Hello everyone! My name is Thomas, I am an independent game developer, currently based in Berlin. I have previously built a game named Kingdom, and am now working on a few smaller projects including a public space (outdoor) game. For an impression of what that is like, this is a game I did previously.
For games like the above, I am currently trying to train a network that would be able to detect hands in (close to) real time from a webcam feed. What I was hoping to do is train the output network to emit high values for regions that contain hands, I will post-process that with a non-maximum suppression / mode-finding to find the actual location.
I have recorded and annotated some data of myself waving my hands around. This data is the source for generating training targets. I have currently opted for a simple blob around the hand center with a radius corresponding to the hand size. I recorded some data with me sitting in front of the webcam, and some data from further away. I am planning to record much more data, but before investing a lot of time in that, I want to have a better grasp of the requirements, so I started experimenting with a quick and dirty dataset first.
Fig 1: Examples of annotated data:
Fig 2: Example of target image with blobs where the hands are:
To start simple and naively, I took the first two Conv Blocks with weights from VGG16, and added another trainable Conv Block on top of that, finishing with a 1x1 Conv2D layer to collapse all the filter weights into a 2D output image.
== VGG WEIGHTS ==
conv2d_1 (Conv2D) (None, 64, 240, 426)
conv2d_2 (Conv2D) (None, 64, 240, 426)
max_pooling2d_1 (MaxPooling2 (None, 64, 120, 213)

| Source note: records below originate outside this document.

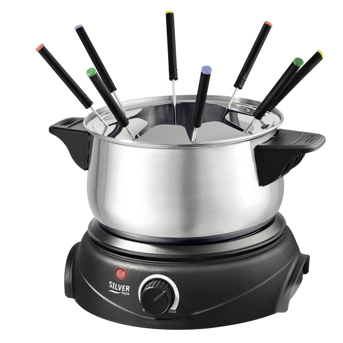 L'appareil à fondue 533 de SilverstyleRégalez-vous avec cet appareil à fondue idéal pour un repas convivial ! Parfait pour la saison hivernale, il vous permettra de réaliser de délicieuse fondue bourguignonne ou savoyarde. Il dispose de 8 piques et d'une capacité de 2l. Vous pourrez ajuster vous mêm
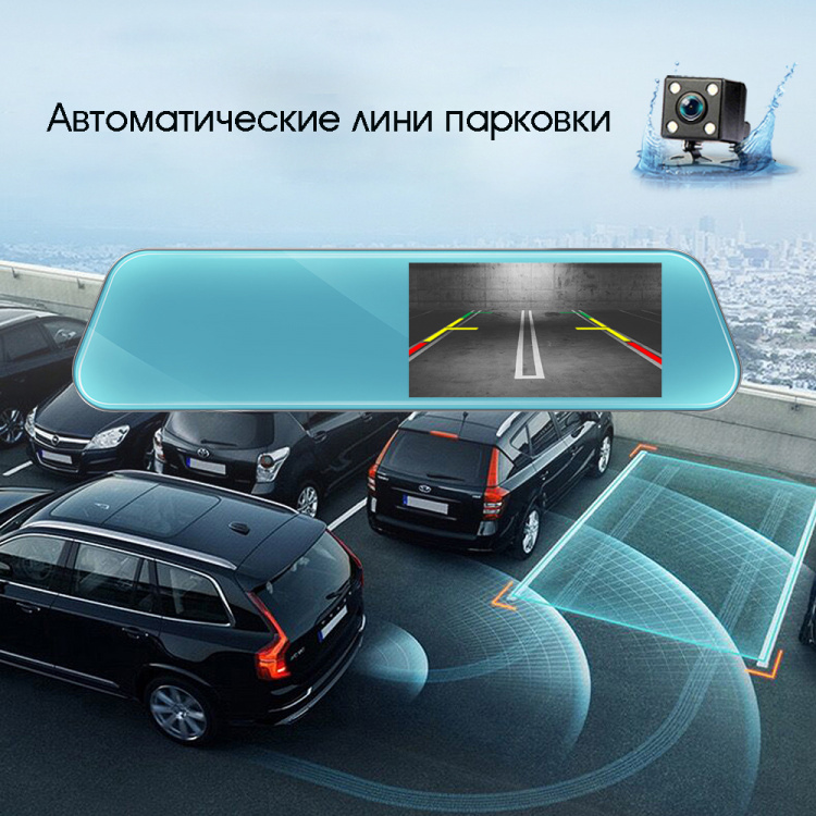 Видеорегистратор автомобильные зеркало с камерой заднего вид...
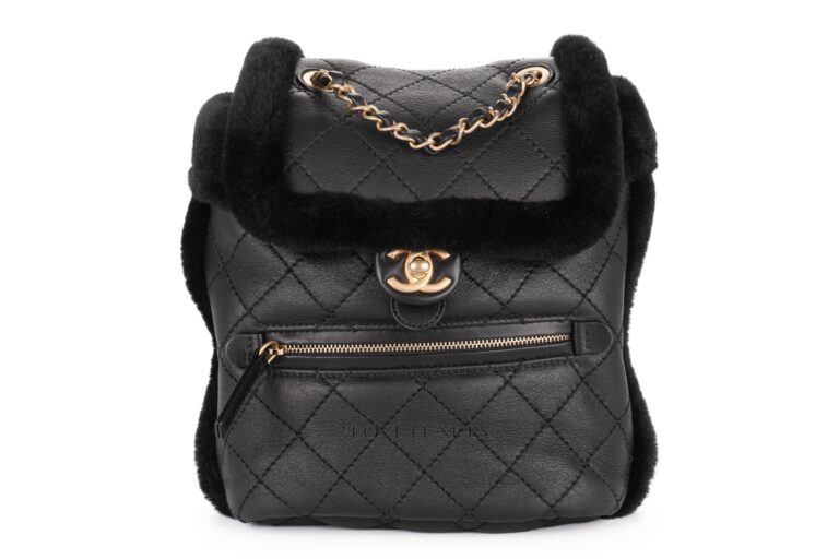 Chanel Shearling Lambskin Backpack Black Quilted CC
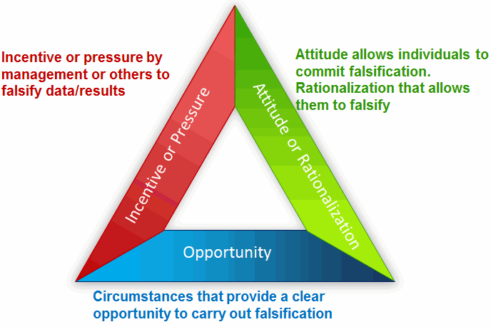 | Opportunity | The opportunity to falsify data can be due to encouragement by management as a means of keeping cost down or a combination of lax controls or poor oversight of activities that contribute to staff being able to commit fraud. | Implement a process that is technically controlled so there is little, if any, opportunity to commit falsification of data. |
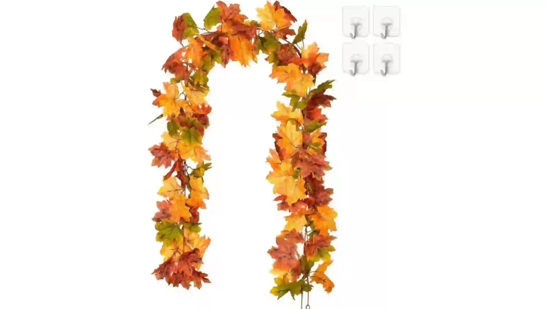 Skip the real leaves and bring autumn colors indoors with this two-pack of maple leaves fall garland. Each 6-foot garland includes colorful, silk cloth leaves designed to mimic those of fall maple trees. Use them to add interest to a fireplace mantel or decorate a star railing.
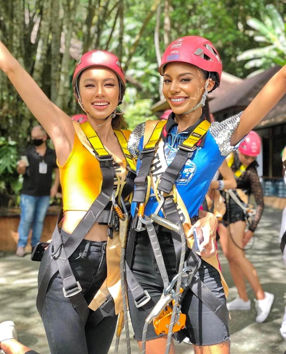 Trước đó, Thùy Tiên cùng các thí sinh là đại diện nhan sắc các nước đã có dịp đến với khu vui chơi trải nghiệm đường zipline thu hút lượng lớn khách du lịch mỗi ngày, đối với những hoạt động đề cao thể lực có lẽ sẽ không làm khó Thùy Tiên bởi thân hình khỏe khoắn có được từ bài tập rèn luyện thể hình.
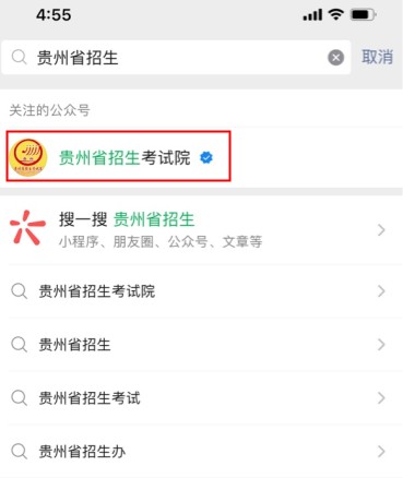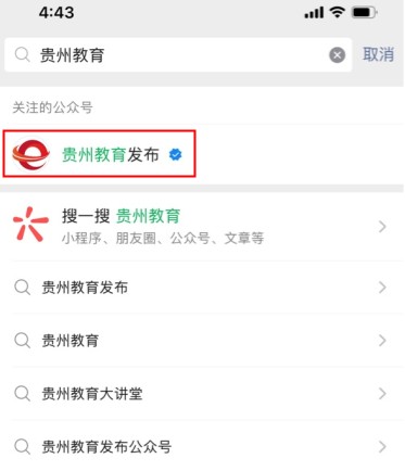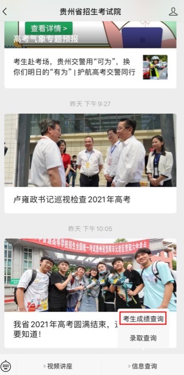 2、關(guān)注貴州省教育廳政務(wù)微信“貴州教育發(fā)布”(guizhou_edu),進入微信下方菜單欄“貴州高考”請考生耐心等待高考成績查詢?nèi)肟凇?BR>
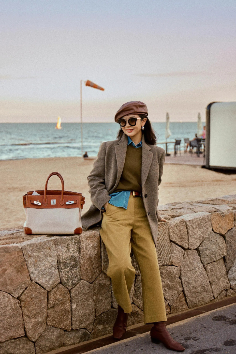 不妨学学三木博主,在海边的石栏静坐,手插裤兜,墨镜与贝雷帽勾画出轻视的酷感。
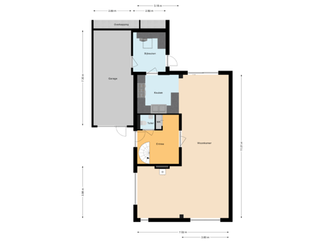 - 118 m² (12,08 meter diep en 9,74 meter breed)

conv2d_3 (Conv2D) (None, 128, 120, 213)
conv2d_4 (Conv2D) (None, 128, 120, 213)
max_pooling2d_2 (MaxPooling2 (None, 128, 60, 106)
== TRAINABLE ==
conv2d_18 (Conv2D) (None, 512, 60, 106)
conv2d_19 (Conv2D) (None, 512, 60, 106)
conv2d_20 (Conv2D) (None, 512, 60, 106)
max_pooling2d_8 (MaxPooling2 (None, 512, 30, 53)
conv2d_21 (Conv2D) (None, 1, 30, 53)
Fig 3: Using this method on the 'nearby' dataset, the results are actually decent:
It looks like the network is really marking the hands, and the output would certainly be good enough to localise hands with a proper mode-finding method. I am also excited that this works with relatively few layers, increasing the possibility of running this in real-time.
Question: What is an appropriate loss function?
For the nearby dataset, a significant portion of the pixels in the image consists of hands, but for the 'faraway' data, the distribution is actually really skewed. See Fig 2, only a few pixels carry positive values.
What is an appropriate loss function for this skewed distribution of the target data as above? I.e. a black (zero) image with sparse white (positive) areas. Since only a few pixels have positive values, I feel like MSE will encourage the network to generalise and output low values everywhere.
The second part of the question is about "ambiguous" areas. In annotating the data, I have distinguished between "Open and Facing" hands, and "Other hands" (hands that are far away, fists, or other angles, see image below).
Fig 4: "Other Hands"
I do not necessarily need the network to recognise these, but I also do not want to 'punish' the network for highlighting them. I suspect that training the network will be easier if the network is allowed to also give (smaller) positive outputs for Other Hands, because they will carry some of the features that also characterise Open Hands (e.g. skin color). In the final network output, I am be satisfied if the Open Hands just light up more brightly. Since I have already distinguished the classes in my dataset, I figured I could somehow tell the optimiser that it doesn't matter what it outputs for these "Other Hands", as long as it gets the Open Hands right.